CLI Tools usage - Importing data into Cerebrate using the importer CLI tool

Populating Cerebrate with data is straightforward using the built-in importer tool available by default on every instance.

Brief description of the accepted arguments and the configuration file

The command below provides information about the list of accepted options:

bin/cake Importer --help

config: Path to the file describing the mapping between the incoming data and Cerebrate and its format.
source: Source of the data to be imported. Can either accept a valid URL or a filepath.
model_class: Allows to specify the Cerebrate's model in which you want to save the data. Basically, supplying --model_class Organisations allows you to create new organisations in the system.
primary_key: Allows to perform data reconciliation to some degree, and thus, avoiding duplicates. If specified, it will join the incoming data with the existing data based on the value taken from this primary_key, allowing updates instead of the creation of new entities. A typical use-case would be to use the uuid as primary key, or to use the name if the former is not available on the incoming dataset.

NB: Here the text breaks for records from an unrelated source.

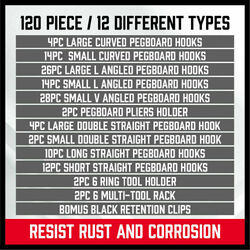 - 12 different types of hooks and organizers for a variety of hanging applications. Total 120 PCS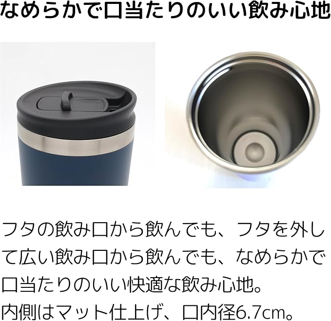 スライド開閉式の、スクリュータイプのフタ付きで、片手でもスマートに飲める真空断熱タンブラー。コンビニやカフェのS~Mサイズカップ(約250〜350ml)にぴったりの350ml容量。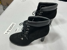 These women's size 9M Lauren Ralph Lauren chunky ankle boots in black are a stylish and versatile addition to any wardrobe. The classic lace-up closure and 4” ultra-high heel make them perfect for adding a touch of sophistication to any outfit. Made of suede with a comfortable M shoe width, these boots are in excellent condition and ready to make a statement. These boots are pre owned and look on the outside to be in excellent condition but the label peeled on the inside!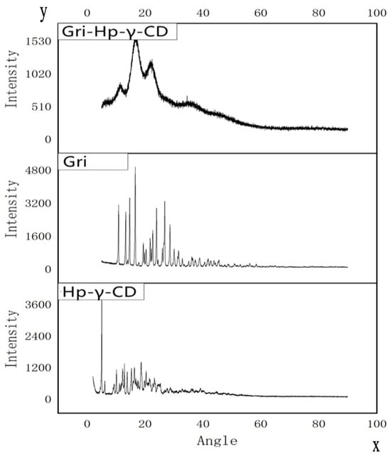 As shown in Figure 5, the X-ray diffraction patterns of griseofulvin and HP-γ-cyclodextrin with sharp peaks indicate they are different crystalline compounds; however, the X-ray diffraction pattern of the inclusion complex does not show the characteristic peaks of HP-γ-cyclodextrin and griseofulvin completely, which indicates that the product did not contain pure griseofulvin and pure HP-γ-cyclodextrin.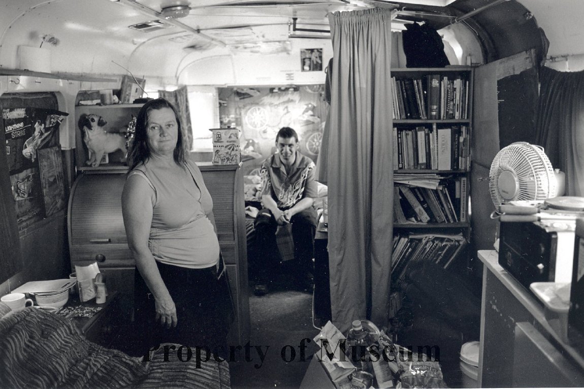 Maree Anderson and Daniel Jetson in Maree's caravan.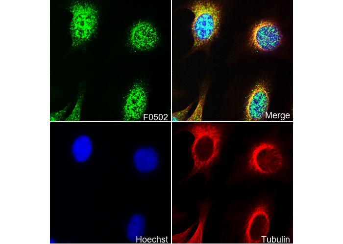 • Immunofluorescent analysis of Hela cells,treated with PDBu (100 nM, 15 min), using F0502 (green, 1:200), Hoechst (blue) and tubulin (Red).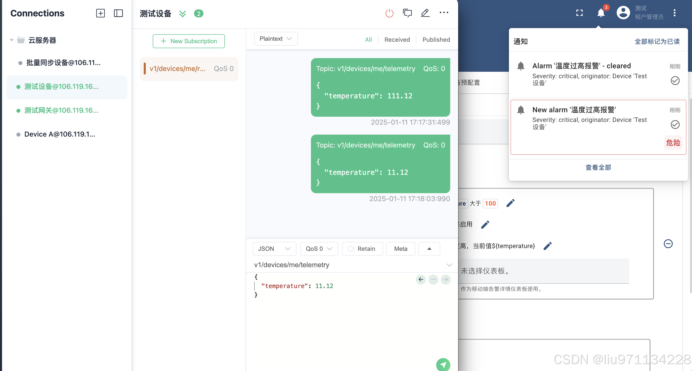 "data": "温度过高,当前值100.12"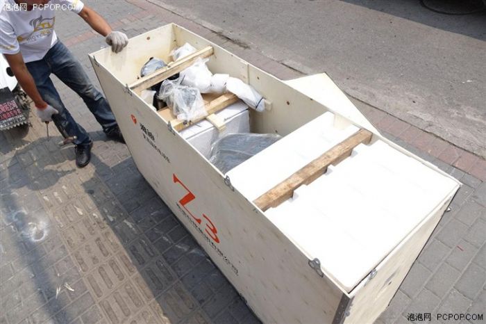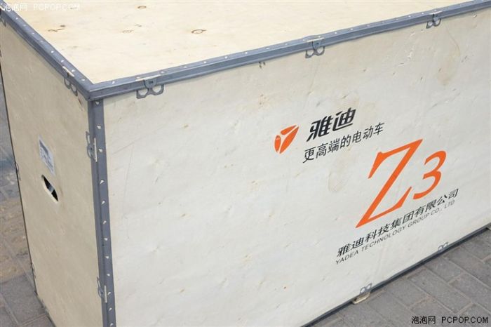以前我所见过的“木箱”多是木条加铁钉的拼装物,而雅迪Z3外包装可是真金白银的木箱子啊,所有卡扣采用连体的金属条固定。现场我最大疑问便是如此“豪华”的木箱是否可以重复利用,答案是否定的,看来Z3的包装有望成为我见过最豪华的“快递包装箱”。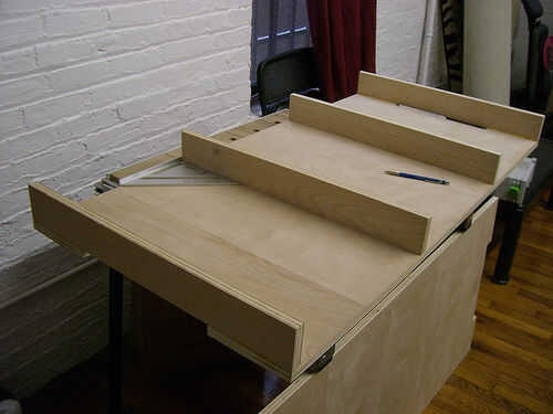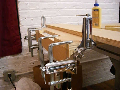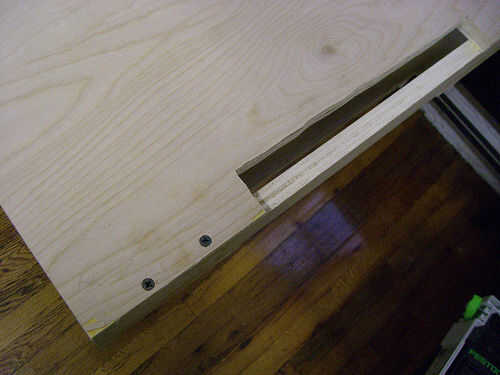 Abrazadera, pegamento y tornillos los dos fuera de separadores en la parte inferior del escritorio. Asegúrese de que queden al ras con el borde. A continuación, abrazadera y pegar las dos interiores separadores en la parte inferior del escritorio. No necesita a atornillarlas. Después de que el pegamento haya secado pinza y pegamento la parte superior de la mesa para completar el sandwich. Tornillo de la parte superior de la mesa a los separadores exterior.
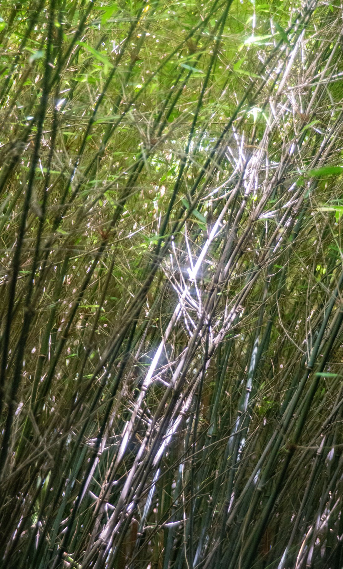 My photo is of bamboo- which can be VERY destructive if it gets its roots deep enough- and my eye was fixated by the one highlighted strip. The intensity of the light overexposed this strip: the camera couldn’t handle the contrast, so all the colour has bleached out leaving stems and leaves a silvery white. If you look closely, you can see some of these parts glow as they reflect glare which made the lens “flare.”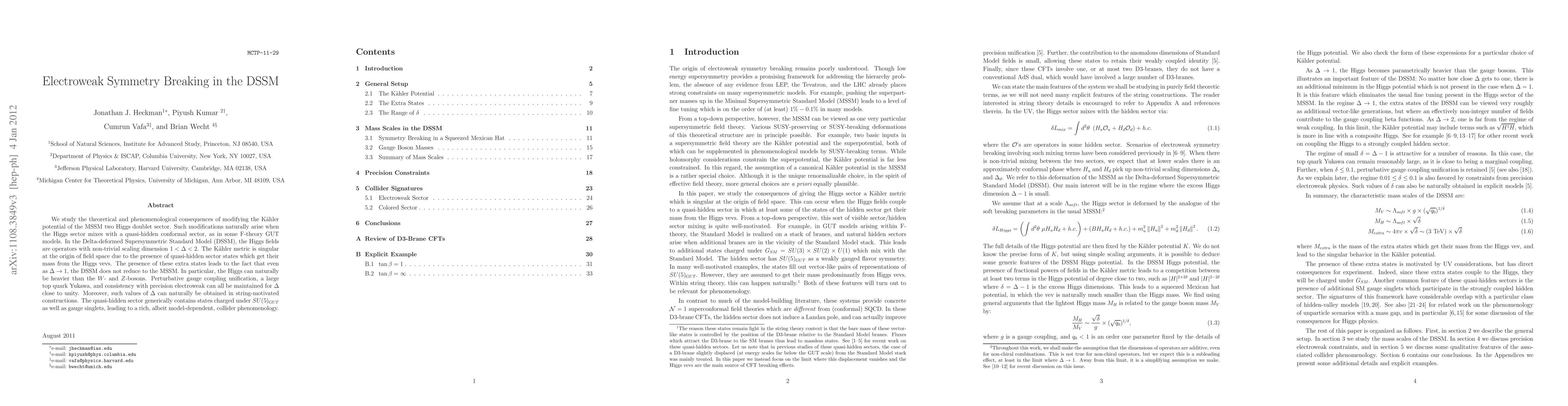 We study the theoretical and phenomenological consequences of modifying the Kahler potential of the MSSM two Higgs doublet sector. Such modifications naturally arise when the Higgs sector mixes with a quasi-hidden conformal sector, as in some F-theory GUT models. In the Delta-deformed Supersymmetric Standard Model (DSSM), the Higgs fields are operators with non-trivial scaling dimension 1 < Delta < 2. The Kahler metric is singular at the origin of field space due to the presence of quasi-hidden sector states which get their mass from the Higgs vevs. The presence of these extra states leads to the fact that even as Delta approaches 1, the DSSM does not reduce to the MSSM. In particular, the Higgs can naturally be heavier than the W- and Z-bosons. Perturbative gauge coupling unification, a large top quark Yukawa, and consistency with precision electroweak can all be maintained for Delta close to unity. Moreover, such values of Delta can naturally be obtained in string-motivated constructions. The quasi-hidden sector generically contains states charged under SU(5)_GUT as well as gauge singlets, leading to a rich, albeit model-dependent, collider phenomenology.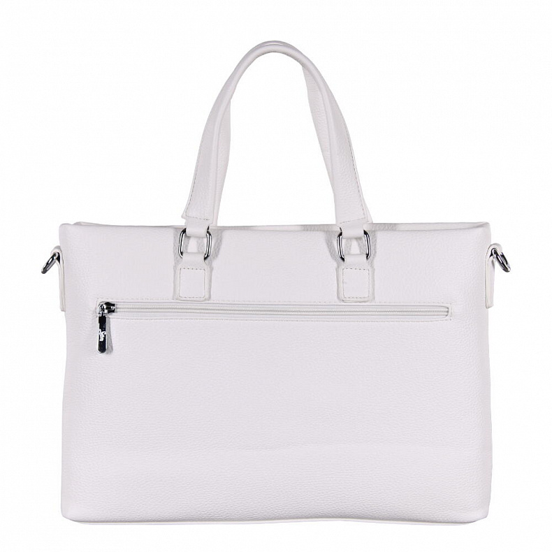 Сумка-портфель, выполнен из экокожи. Декорирована логотипом на передней части. Дополнена серебристой фурнитурой. Данная модель закрывается на молнию. Каркас полужесткий. Носится в руке за встроенные ручки или на плече за ремень. В комплекте имеется съемный ремень с регулировкой длины.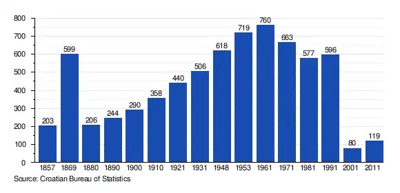 The 1991 census[4] recorded that 93.96% of the village population were ethnic Serbs (560/596), 0.67% were Yugoslavs (4/596), 4.03% were ethnic Croats (24/596), and 1.34% were of other ethnic origin (8/596).

Populating brand new data into an empty Cerebrate instance

The simplest use case of the importer is to import organisations from a file on the disk or an URL on an empty Cerebrate instance.

Importing new data from a MISP instance

bin/cake Importer src/Command/config/config-misp-format-organisation.json https://misp.csirt-tooling.org

This is what the config-misp-format-organisation.json could look like:

{
    "format": "json",
    "mapping": {
        "name": "{n}.Organisation.name",
        "uuid": "{n}.Organisation.uuid",
        "nationality": "{n}.Organisation.nationality"
    },
    "sourceHeaders": {
        "Authorization": "~~YOUR_API_KEY_HERE~~"
    }
}

Notice the sourceHeaders which can be used to provide authentication information

Importing new data from the ENISA CSIRT inventory

bin/cake Importer src/Command/config/config-enisa-csirts-inventory.json https://www.enisa.europa.eu/topics/csirts-in-europe/csirt-inventory/certs-by-country-interactive-map/tool_data.json

This is what the config-enisa-csirts-inventory.json could look like:

{
    "format": "json",
    "mapping": {
        "name": "data.{n}.short-team-name",
        "url": "data.{n}.website",
        "contacts": "data.{n}.email",
        "ISO 3166-1 Code": "data.{n}.country-code",
        "website": "data.{n}.website",
        "enisa-geo-group": "data.{n}.enisa-geo-group",
        "is-approved": "data.{n}.is_approved",
        "first-member-type": "data.{n}.first-member-type",
        "team-name": "data.{n}.team-name",
        "oes-coverage": "data.{n}.oes-coverage",
        "enisa-tistatus": "data.{n}.enisa-tistatus",
        "csirt-network-status": "data.{n}.csirt-network-status",
        "constituency": "data.{n}.constituency",
        "establishment": "data.{n}.establishment",
        "email": "data.{n}.email",
        "country-name": "data.{n}.country-name",
        "short-team-name": "data.{n}.short-team-name",
        "key": "data.{n}.key"
    },
    "metaTemplateUUID": "089c68c7-d97e-4f21-a798-159cd10f7864"
}

Notice the metaTemplateUUID field used to indicates that some fields (such as enisa-geo-group) are related to the provided metaTemplateUUID.

Populating data into a Cerebrate instance already containing data

In most of the cases, whenever an import will be done, it will be on an instance already containing data. In order to avoid duplication of entries and to support update of existing records, the tool must be made aware on how to find records to update. This can be achieved using the primary_key parameter.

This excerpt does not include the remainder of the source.